Also, will people please stop posting rainbow-on-black screenshots, especially with the screenshotted text size smaller than the main text.

silvestrov3y ago

Sometimes I wish for a 'debug' version of PG which adds an "order by random()" to all queries (or appends a "random()" clause to an existing "order by" clause).

Or even better: have it as a connection/session parameter.

zasdffaa3y ago

> Sometimes I wish for a 'debug' version of PG which adds an "order by random()" to all queries

interesting! I like it.

> or appends a "random()" clause to an existing "order by" clause

That one I don't understand. If the Order By is there, why randomise it? I guess

   order by p, q, r, random()

then it sort of allows you to find out if it's been ordered sufficiently for your needs - is that it?

1 more reply

jonatron3y ago

I know this now, but when I didn't and when Postgres returned the same order thousands of times, then changed for no apparent reason, it made fixing flaky tests very tricky.

irjustin3y ago

> That's frightening they don't know that

It's a common problem when moving from Mysql. We personally ran into that shortly after switching to Postgres, but seems like something they should've discovered a lot earlier for sure.

kuzeeOP3y ago

We shared the mistake so others don't accidentally make the same assumption; I'm sure a few people either learned it for the first time or appreciated the reminder. Rest easy this never made it to prod.

zasdffaa3y ago

Thanks. I have a lot of time for those who are willing to admit their mistakes.

icedchai3y ago

This does seem fundamental.

jrochkind13y ago· 7 in thread

How can querying for PK's than doing a second query on the FK be faster than a join that's semantically equivalent? Postgres optimizer gone terribly wrong or something? Or am I misunderstanding what's going on?

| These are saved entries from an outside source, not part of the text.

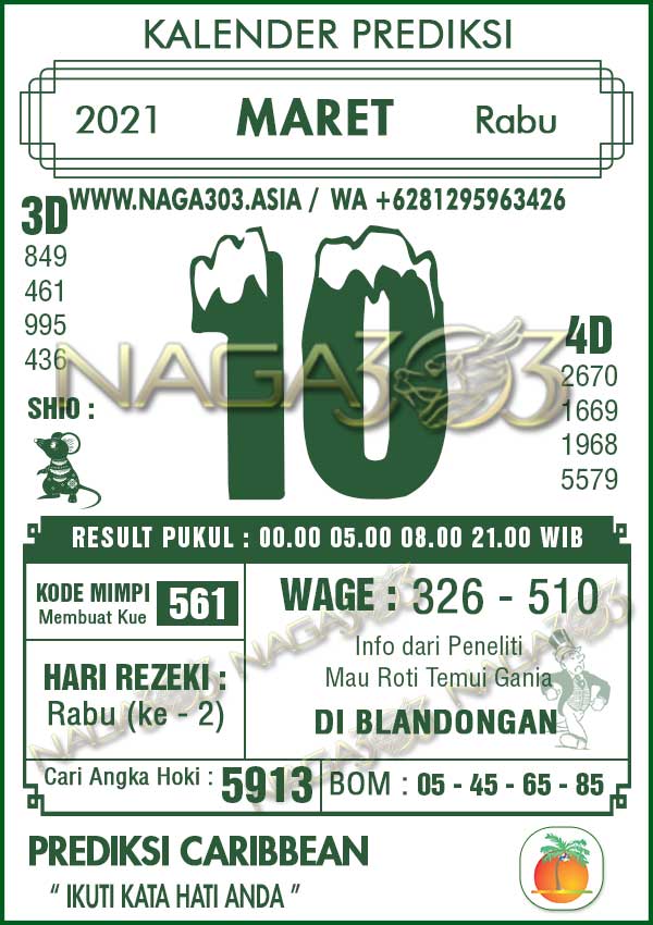 Prediksi Caribbean Pools Rabu 10 Maret 2021 | Web Toto Naga303
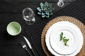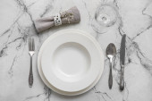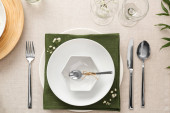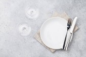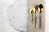 Stylowe ustawienie z sztućcami i liści eukaliptusa na jasnoszarym stole, płaska leżanka. Miejsce na tekst
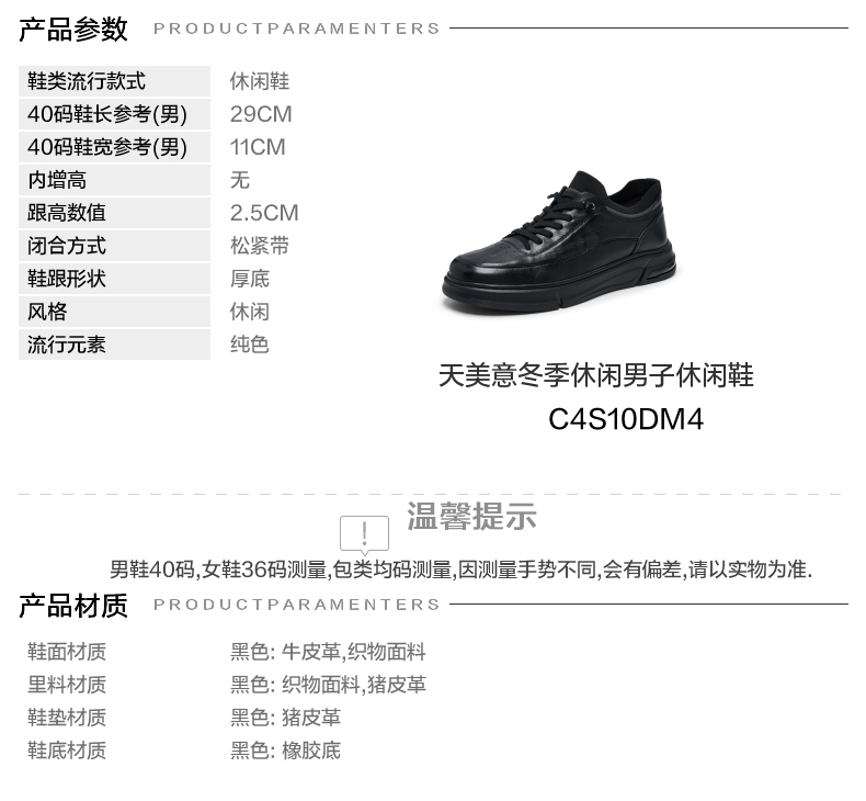 | 风格:休闲 | 色系:黑色 | 跟高数值:2.5CM | 40码鞋宽参考(男):11CM | 性别:男子 |
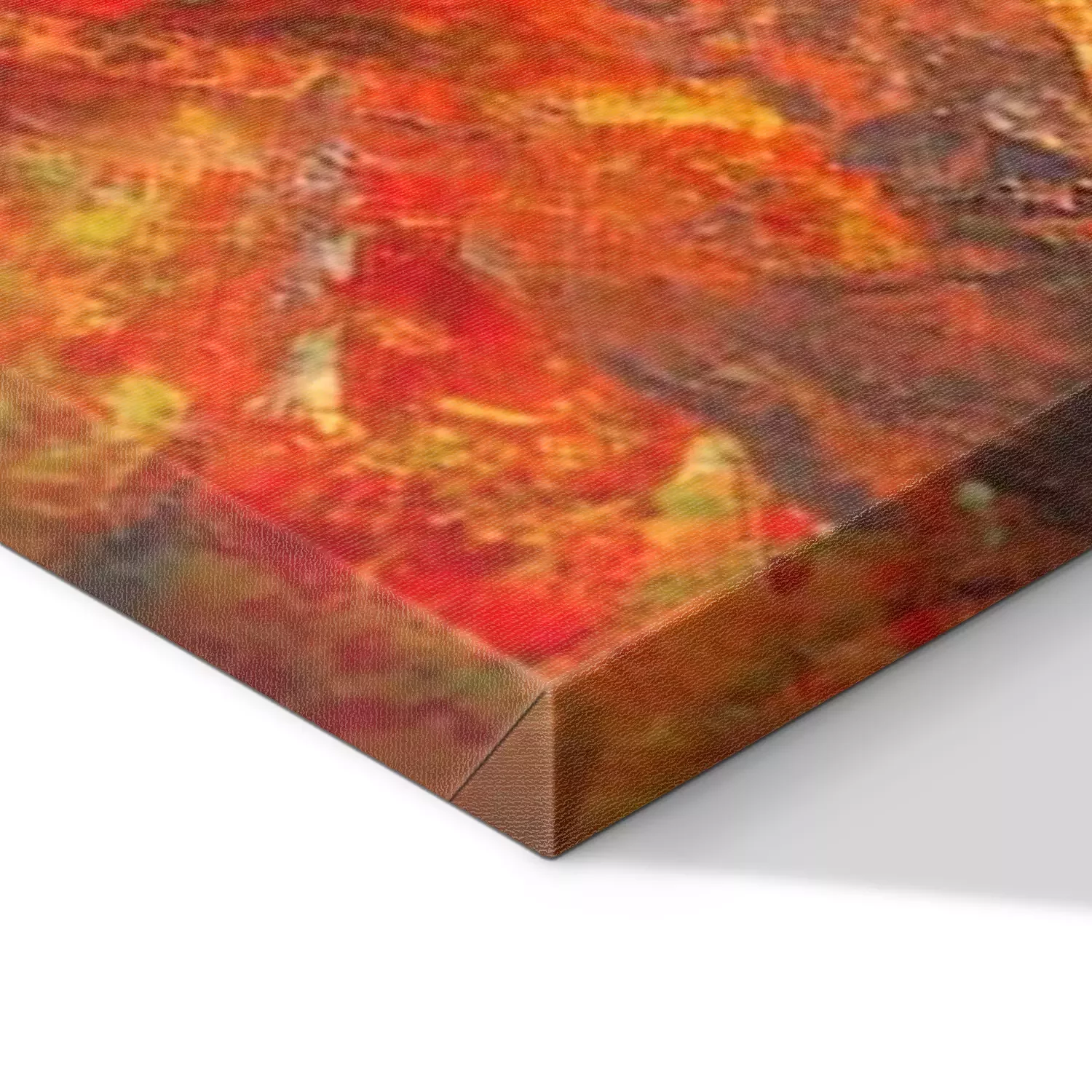 De print wordt aangebracht op hoogwaardig canvas dat op een schildersweefgetouw (spieraam) wordt gespannen. Omdat de print de zijranden bedekt, hoeft het ontwerp niet met een extra kader te worden omlijst. Wij raden ook composities aan die uit meerdere foto's bestaan en zo een coherente compositie vormen.

It would never have occurred to me to even try this, I would have assumed postgres would do as well as could be done at what looks like a very standard join. So I guess that's a lesson not to make assumptions?

Not sure, without even having a theory of why pg would behave this way, I'd be worried that as the data changes it might regress again. Or if the phase of the moon changes or something -- since it seems like magic!

Olreich3y ago

It’s almost never faster to do two queries. But DBs are complicated query engines with sophisticated compilers, so you have to go in and try to convince the compiler to optimize the way you want that will make the query fast. EXPLAIN_ANALYZE is your best friend for understanding what the compiler thinks is best. And then you can adjust the query to convince it that it should do something faster.

In this specific case, I’d bet that having the FROM and JOIN tables reversed would be enough to get even better performance than 2 queries: `SELECT * FROM os JOIN o …`.

zasdffaa3y ago

It's a failure of the optimiser. AS a DB guy (MSSQL, not postgres), there's always a risk of this, you always have to be aware of this, and don't assume. MSSQL's optimiser is pretty good but I've also seen slowdowns on plain queries after adding an index. Optimisers are complex and individual optimisation rules interact in odd and sometimes counterproductive ways. Also if your stats are not up-to-date, trouble is guaranteed.

bastawhiz3y ago

You're right. I had the same thought.

Frankly, it's such a simple case that I'm hesitant to pin the problem on Postgres. I'm now inclined to believe that the ORM/query builder they're using (which I'm not familiar with) is generating a query that does something unusual. I'm also having a hard time understanding the code, so it may just be a bad query in the first place. If the generated SQL was shown, it would be much easier to look into.

Generally speaking, if you're just joining some data onto the results of an expensive operation, it's exactly the same as doing a second query, just without the round trip and overhead.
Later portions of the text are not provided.